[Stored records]
--- START ---
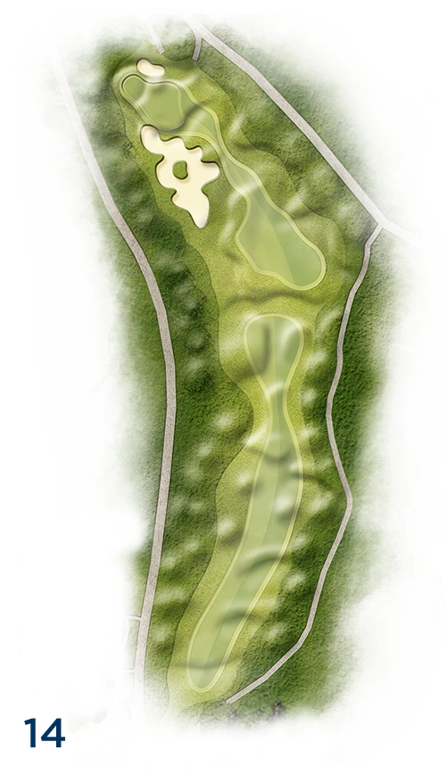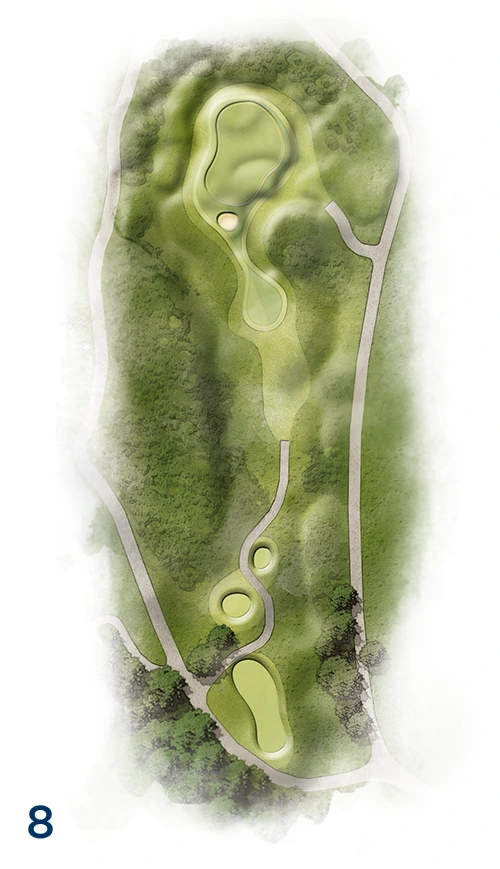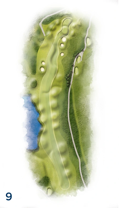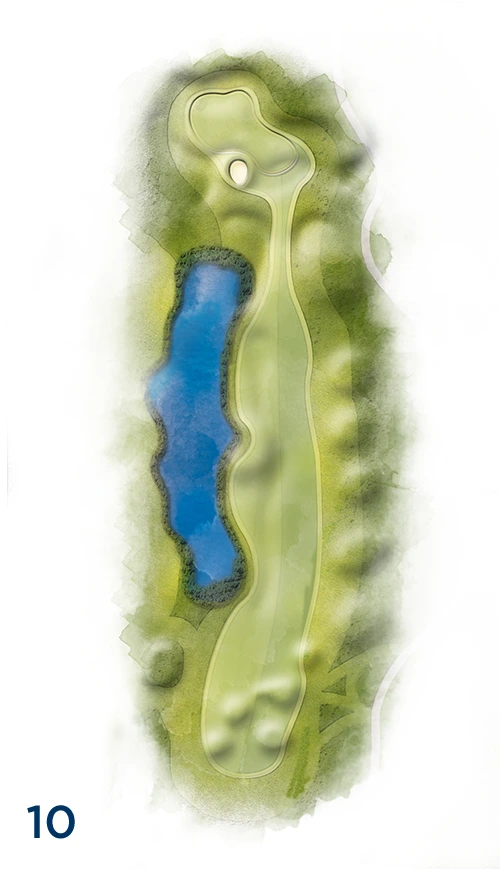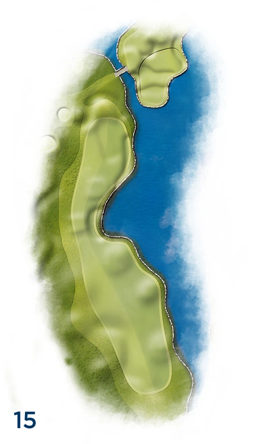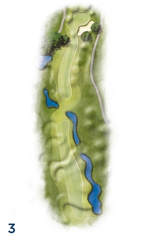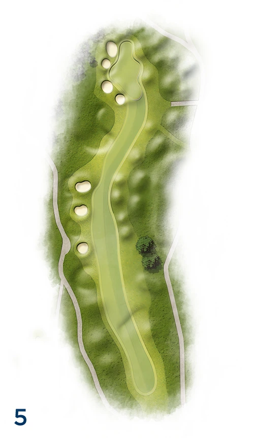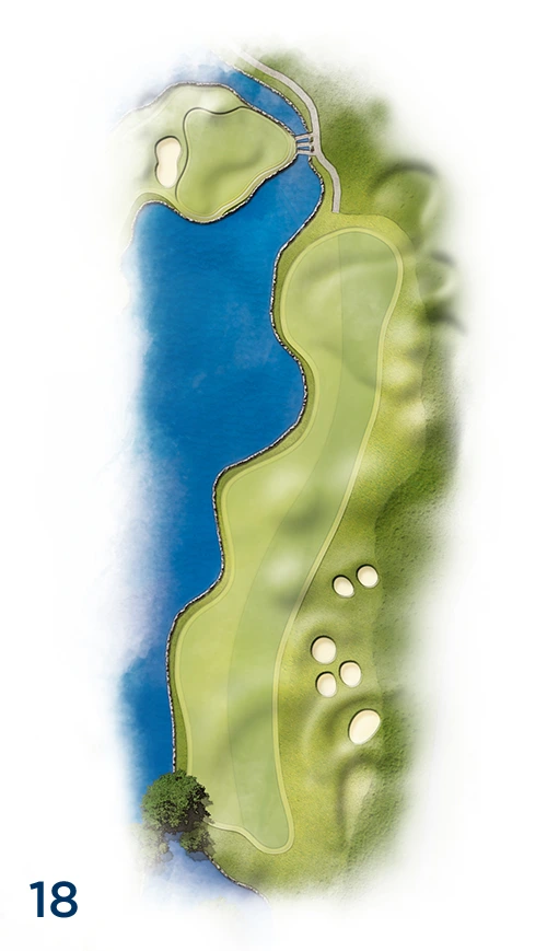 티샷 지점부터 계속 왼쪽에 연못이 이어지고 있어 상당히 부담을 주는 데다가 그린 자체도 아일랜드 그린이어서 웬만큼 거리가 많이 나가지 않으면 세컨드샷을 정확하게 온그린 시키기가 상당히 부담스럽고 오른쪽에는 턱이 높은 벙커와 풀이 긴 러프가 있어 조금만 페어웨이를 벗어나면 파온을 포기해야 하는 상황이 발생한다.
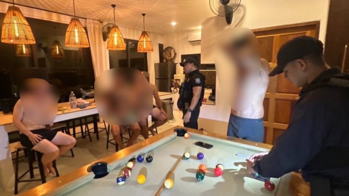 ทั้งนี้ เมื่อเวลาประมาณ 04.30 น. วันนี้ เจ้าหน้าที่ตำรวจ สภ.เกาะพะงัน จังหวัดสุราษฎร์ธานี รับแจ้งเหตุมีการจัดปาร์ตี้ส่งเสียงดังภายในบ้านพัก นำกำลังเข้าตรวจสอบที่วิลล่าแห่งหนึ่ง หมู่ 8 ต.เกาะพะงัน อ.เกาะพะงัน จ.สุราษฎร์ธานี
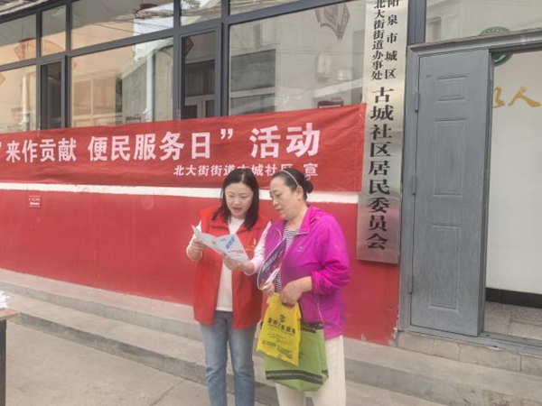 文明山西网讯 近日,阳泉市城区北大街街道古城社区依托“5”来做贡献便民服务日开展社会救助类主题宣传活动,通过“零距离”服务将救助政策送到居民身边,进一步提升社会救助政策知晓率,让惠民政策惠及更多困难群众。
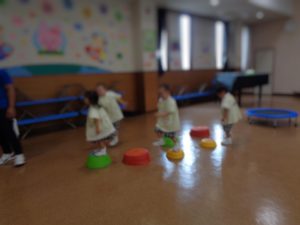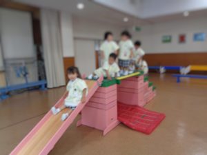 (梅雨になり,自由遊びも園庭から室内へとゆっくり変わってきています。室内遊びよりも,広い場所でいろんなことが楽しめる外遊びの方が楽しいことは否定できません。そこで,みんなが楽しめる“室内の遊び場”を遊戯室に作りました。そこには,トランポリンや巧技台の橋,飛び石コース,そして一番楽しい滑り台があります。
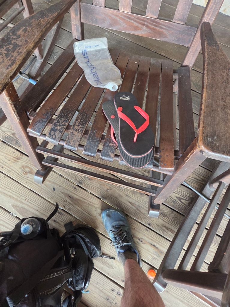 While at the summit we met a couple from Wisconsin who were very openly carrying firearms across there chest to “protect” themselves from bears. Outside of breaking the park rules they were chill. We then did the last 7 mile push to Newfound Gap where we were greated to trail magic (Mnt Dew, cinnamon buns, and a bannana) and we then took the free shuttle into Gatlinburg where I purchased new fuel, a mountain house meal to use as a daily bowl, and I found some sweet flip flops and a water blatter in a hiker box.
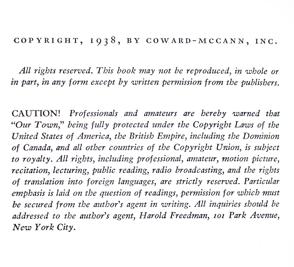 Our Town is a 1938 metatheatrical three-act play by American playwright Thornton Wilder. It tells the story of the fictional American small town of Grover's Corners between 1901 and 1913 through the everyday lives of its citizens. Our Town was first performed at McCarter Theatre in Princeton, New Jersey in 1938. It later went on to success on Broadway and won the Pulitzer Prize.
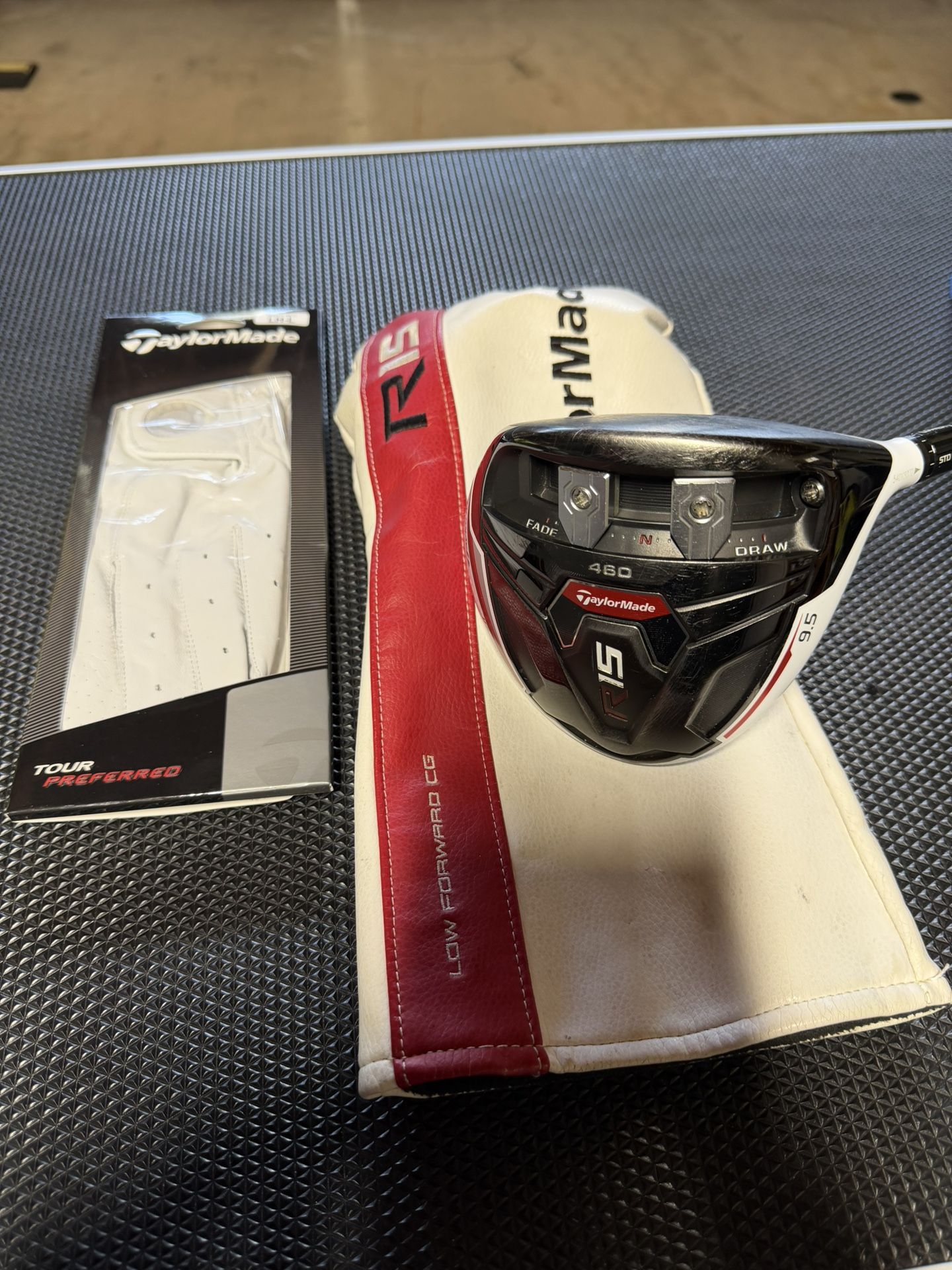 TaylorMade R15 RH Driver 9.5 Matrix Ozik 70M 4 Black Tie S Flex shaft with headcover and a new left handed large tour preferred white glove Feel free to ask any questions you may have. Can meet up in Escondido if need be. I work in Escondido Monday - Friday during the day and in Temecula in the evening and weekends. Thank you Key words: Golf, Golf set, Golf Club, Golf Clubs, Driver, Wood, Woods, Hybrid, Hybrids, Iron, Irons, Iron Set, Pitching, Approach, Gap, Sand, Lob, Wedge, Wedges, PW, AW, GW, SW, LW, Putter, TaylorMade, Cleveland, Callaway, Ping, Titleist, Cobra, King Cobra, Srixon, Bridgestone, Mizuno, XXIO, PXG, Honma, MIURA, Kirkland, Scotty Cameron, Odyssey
--- END ---
TASK STATEMENT:
No pictures belong in the output. It should reproduce exactly the lines from the one containing "Our Town is" through the end of the data, both ends included.

EXERCISE RESULT:
 Our Town is a 1938 metatheatrical three-act play by American playwright Thornton Wilder. It tells the story of the fictional American small town of Grover's Corners between 1901 and 1913 through the everyday lives of its citizens. Our Town was first performed at McCarter Theatre in Princeton, New Jersey in 1938. It later went on to success on Broadway and won the Pulitzer Prize.
 TaylorMade R15 RH Driver 9.5 Matrix Ozik 70M 4 Black Tie S Flex shaft with headcover and a new left handed large tour preferred white glove Feel free to ask any questions you may have. Can meet up in Escondido if need be. I work in Escondido Monday - Friday during the day and in Temecula in the evening and weekends. Thank you Key words: Golf, Golf set, Golf Club, Golf Clubs, Driver, Wood, Woods, Hybrid, Hybrids, Iron, Irons, Iron Set, Pitching, Approach, Gap, Sand, Lob, Wedge, Wedges, PW, AW, GW, SW, LW, Putter, TaylorMade, Cleveland, Callaway, Ping, Titleist, Cobra, King Cobra, Srixon, Bridgestone, Mizuno, XXIO, PXG, Honma, MIURA, Kirkland, Scotty Cameron, Odyssey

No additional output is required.